*** Begin section ***

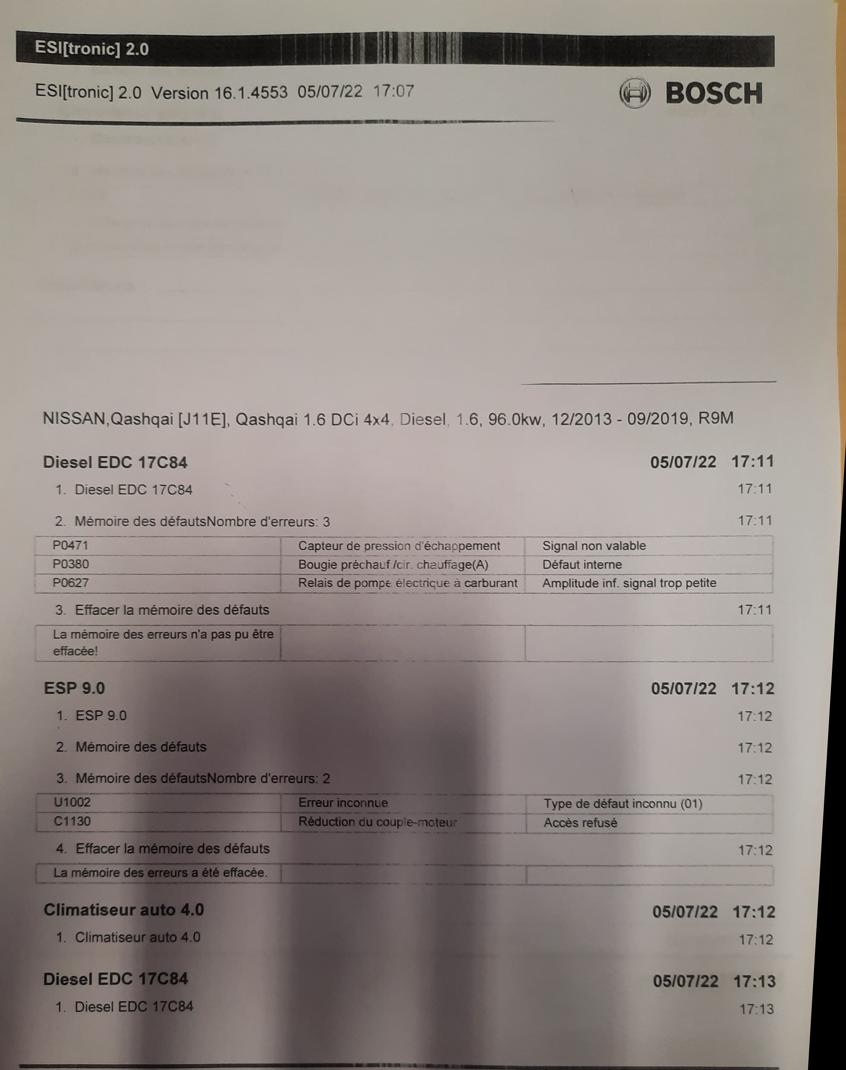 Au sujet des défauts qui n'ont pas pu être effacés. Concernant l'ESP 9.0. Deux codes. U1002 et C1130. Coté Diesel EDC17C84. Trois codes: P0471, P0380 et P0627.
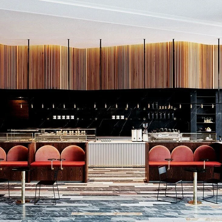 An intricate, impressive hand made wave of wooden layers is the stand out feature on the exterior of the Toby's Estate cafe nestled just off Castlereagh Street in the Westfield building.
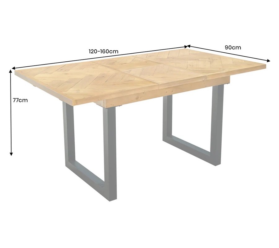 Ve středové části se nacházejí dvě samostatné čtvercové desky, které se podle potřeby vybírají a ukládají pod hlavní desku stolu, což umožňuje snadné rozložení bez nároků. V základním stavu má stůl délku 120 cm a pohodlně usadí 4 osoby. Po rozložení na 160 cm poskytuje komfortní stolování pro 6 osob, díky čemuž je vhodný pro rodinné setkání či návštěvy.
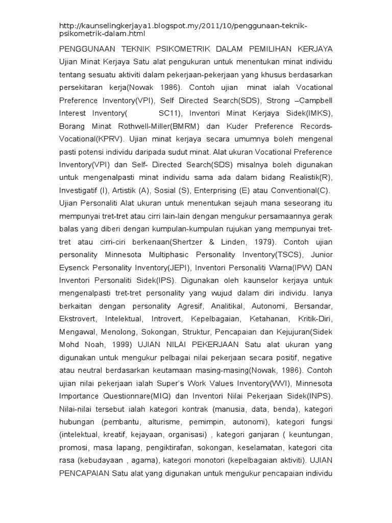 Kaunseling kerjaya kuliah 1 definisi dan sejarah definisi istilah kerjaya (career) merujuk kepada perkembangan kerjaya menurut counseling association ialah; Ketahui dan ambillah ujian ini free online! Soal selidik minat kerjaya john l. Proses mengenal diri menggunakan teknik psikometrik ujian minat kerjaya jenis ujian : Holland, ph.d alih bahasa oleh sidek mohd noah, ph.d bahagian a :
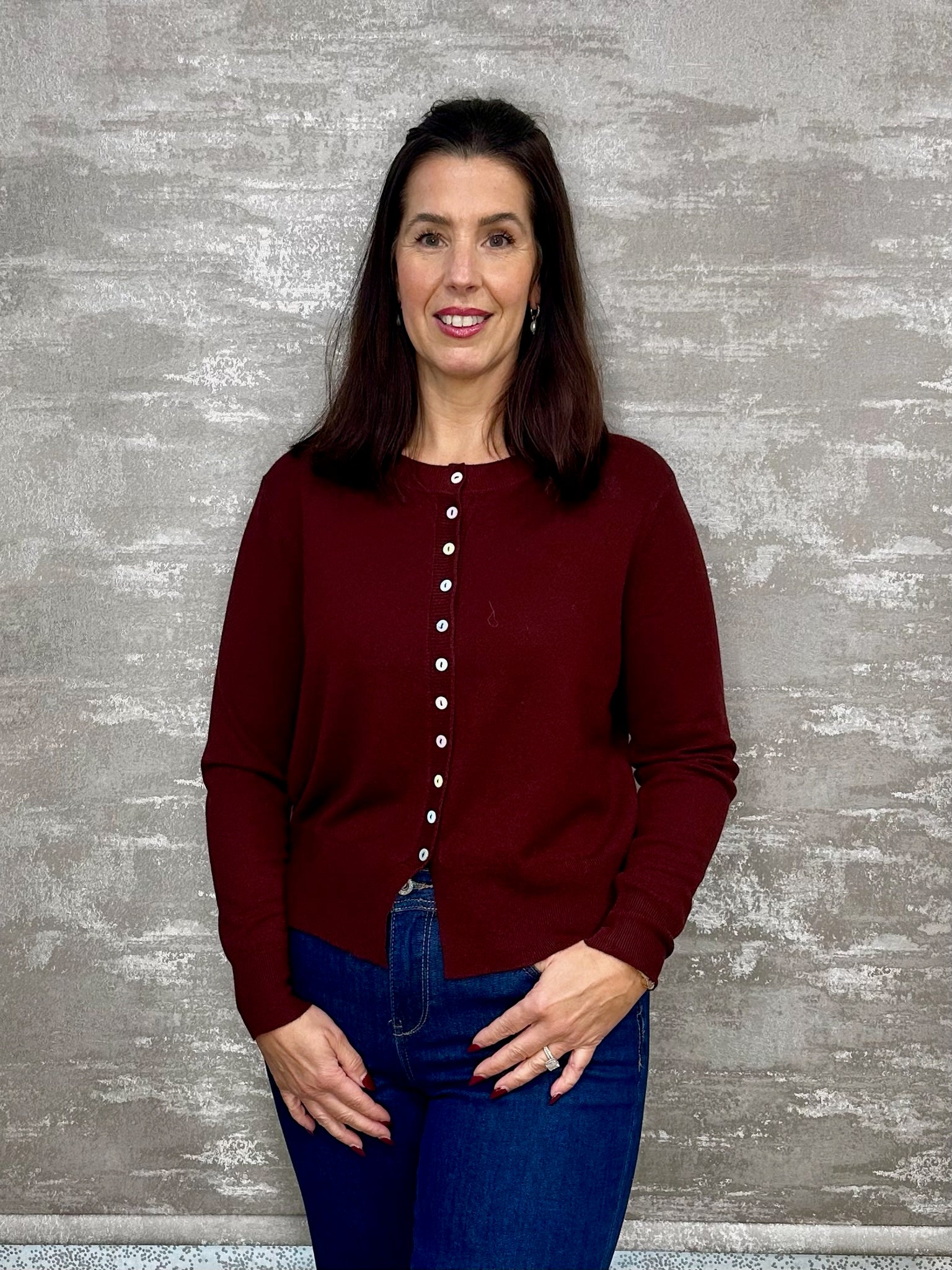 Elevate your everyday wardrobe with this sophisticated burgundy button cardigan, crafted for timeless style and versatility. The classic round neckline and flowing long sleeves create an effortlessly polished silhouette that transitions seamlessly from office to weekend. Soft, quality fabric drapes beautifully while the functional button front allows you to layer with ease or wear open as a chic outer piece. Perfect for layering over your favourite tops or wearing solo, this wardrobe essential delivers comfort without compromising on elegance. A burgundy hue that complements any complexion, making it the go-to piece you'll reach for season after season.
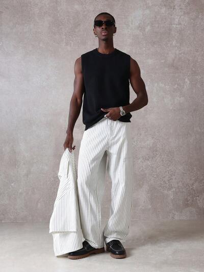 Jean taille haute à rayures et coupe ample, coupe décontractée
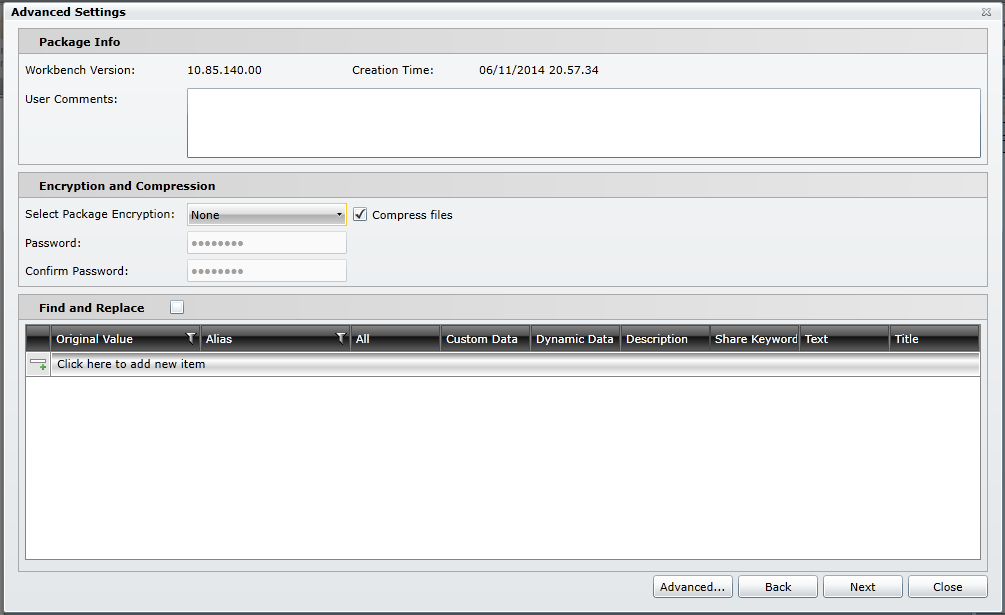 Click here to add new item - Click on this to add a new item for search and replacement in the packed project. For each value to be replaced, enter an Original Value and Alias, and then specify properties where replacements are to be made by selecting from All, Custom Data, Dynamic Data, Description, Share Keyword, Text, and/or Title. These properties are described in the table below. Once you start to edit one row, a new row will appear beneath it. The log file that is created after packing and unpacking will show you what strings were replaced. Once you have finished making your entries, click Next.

*** End section ***

▶ **Task directions**: An exact copy of the listing is required, excluding any pictures.

▶ **Result of this task**:
 Au sujet des défauts qui n'ont pas pu être effacés. Concernant l'ESP 9.0. Deux codes. U1002 et C1130. Coté Diesel EDC17C84. Trois codes: P0471, P0380 et P0627.
 An intricate, impressive hand made wave of wooden layers is the stand out feature on the exterior of the Toby's Estate cafe nestled just off Castlereagh Street in the Westfield building.
 Ve středové části se nacházejí dvě samostatné čtvercové desky, které se podle potřeby vybírají a ukládají pod hlavní desku stolu, což umožňuje snadné rozložení bez nároků. V základním stavu má stůl délku 120 cm a pohodlně usadí 4 osoby. Po rozložení na 160 cm poskytuje komfortní stolování pro 6 osob, díky čemuž je vhodný pro rodinné setkání či návštěvy.
 Kaunseling kerjaya kuliah 1 definisi dan sejarah definisi istilah kerjaya (career) merujuk kepada perkembangan kerjaya menurut counseling association ialah; Ketahui dan ambillah ujian ini free online! Soal selidik minat kerjaya john l. Proses mengenal diri menggunakan teknik psikometrik ujian minat kerjaya jenis ujian : Holland, ph.d alih bahasa oleh sidek mohd noah, ph.d bahagian a :
 Elevate your everyday wardrobe with this sophisticated burgundy button cardigan, crafted for timeless style and versatility. The classic round neckline and flowing long sleeves create an effortlessly polished silhouette that transitions seamlessly from office to weekend. Soft, quality fabric drapes beautifully while the functional button front allows you to layer with ease or wear open as a chic outer piece. Perfect for layering over your favourite tops or wearing solo, this wardrobe essential delivers comfort without compromising on elegance. A burgundy hue that complements any complexion, making it the go-to piece you'll reach for season after season.
 Jean taille haute à rayures et coupe ample, coupe décontractée
 Click here to add new item - Click on this to add a new item for search and replacement in the packed project. For each value to be replaced, enter an Original Value and Alias, and then specify properties where replacements are to be made by selecting from All, Custom Data, Dynamic Data, Description, Share Keyword, Text, and/or Title. These properties are described in the table below. Once you start to edit one row, a new row will appear beneath it. The log file that is created after packing and unpacking will show you what strings were replaced. Once you have finished making your entries, click Next.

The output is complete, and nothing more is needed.